INSTRUCTIONS FOR THE TASK.
Please give back, word for word, only the lines starting at the one containing "-> p(x)를 계산하려면" and ending at the one containing "- After logging" within the material below.

DATA.
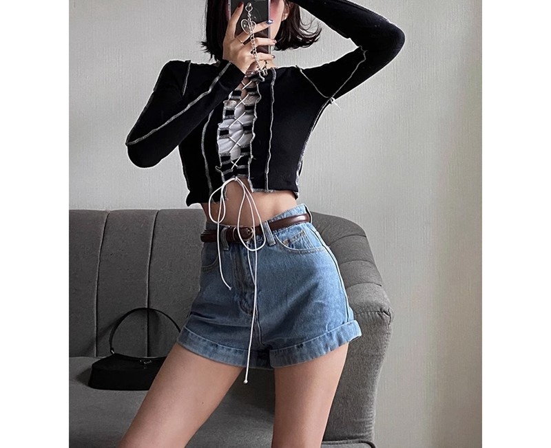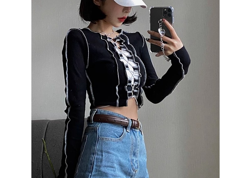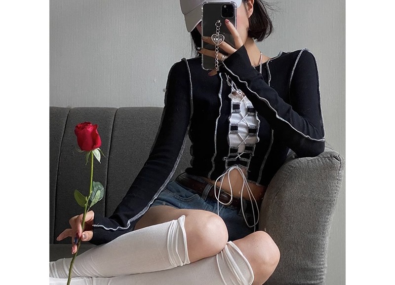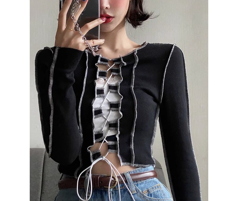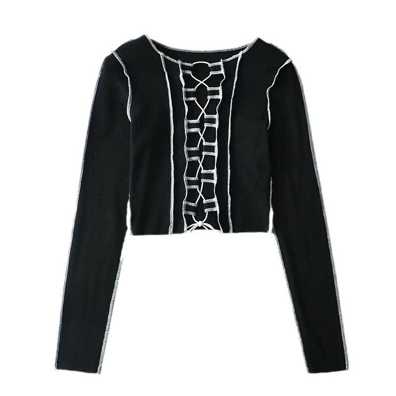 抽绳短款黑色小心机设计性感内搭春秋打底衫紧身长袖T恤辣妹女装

* * *

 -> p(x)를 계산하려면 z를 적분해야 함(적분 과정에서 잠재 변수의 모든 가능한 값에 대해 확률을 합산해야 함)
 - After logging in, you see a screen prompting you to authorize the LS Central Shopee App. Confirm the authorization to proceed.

RESULT OF THIS TASK.
 -> p(x)를 계산하려면 z를 적분해야 함(적분 과정에서 잠재 변수의 모든 가능한 값에 대해 확률을 합산해야 함)
 - After logging in, you see a screen prompting you to authorize the LS Central Shopee App. Confirm the authorization to proceed.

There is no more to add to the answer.